Ahora bien, ¿por qué esto impacta en la inflación, el consumo y la sustentabilidad del sistema alimentario?
La elevada carga tributaria es un componente rígido del precio. A diferencia de los costos variables —como el precio del trigo o del maíz— los impuestos no bajan cuando el resto de los costos lo hace. Esto genera un “piso de precios” alto. Por ejemplo, aunque el precio del trigo cayó un 14,9% entre agosto 2024 y febrero 2025, el precio del pan subió, porque aumentaron los impuestos y otros costos inelásticos como tarifas y salarios.

Además, al aplicarse en cascada (IVA, Ingresos Brutos, tasas), los impuestos se acumulan a lo largo de la cadena, generando un efecto inflacionario por arrastre. Cada eslabón traslada al siguiente una parte de esa carga, y el resultado es un precio final inflado estructuralmente.
Cuando los precios de los alimentos básicos se encarecen, el consumo interno se ve afectado. La demanda de productos como carne, leche y pan es relativamente inelástica (es decir, la gente los necesita igual), pero no infinita: los hogares de menores ingresos recortan cantidad o calidad, o sustituyen por alternativas más baratas y menos nutritivas.
Esto genera una cadena regresiva: las familias consumen menos o peor, los comercios venden menos, la producción se reduce, y la economía se contrae. Una presión tributaria excesiva sobre bienes esenciales se traduce en pérdida de acceso a alimentos para una parte importante de la población.

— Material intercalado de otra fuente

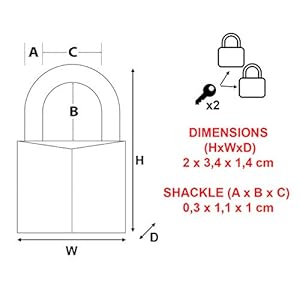 DIMENSIONS: (HxWxD) 2 x 3.4 x 1.4 cm; shackle (A x B x C) 0.3 x 1.1 x 1 cm; pack of 2 black padlocks; 2 keys included

El sistema alimentario argentino está basado en cadenas de valor que requieren rentabilidad mínima y previsibilidad fiscal para sostenerse. Si la rentabilidad desaparece porque el Estado absorbe más que el propio productor o comerciante, la actividad se desincentiva: se invierte menos, se pierde eficiencia, y en el largo plazo, se pone en riesgo la provisión estable y segura de alimentos.
Por ejemplo, si un tambo gana apenas el 7% sobre el precio de la leche, y el Estado se lleva el 26%, no hay incentivo a expandir, tecnificar ni sostener esa producción. Esto afecta no solo la oferta, sino también la calidad y el desarrollo del sector agroindustrial argentino.

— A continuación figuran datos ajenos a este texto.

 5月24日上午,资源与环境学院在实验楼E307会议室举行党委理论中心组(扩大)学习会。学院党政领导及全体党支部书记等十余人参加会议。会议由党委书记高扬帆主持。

El informe de FADA pone números concretos a un problema estructural. La carga impositiva no solo encarece la comida: limita el acceso, distorsiona precios y debilita toda la cadena productiva. Por eso se dice que su impacto va mucho más allá de lo fiscal: tiene efectos directos sobre la inflación, el poder de compra y la sustentabilidad del sistema que alimenta al país.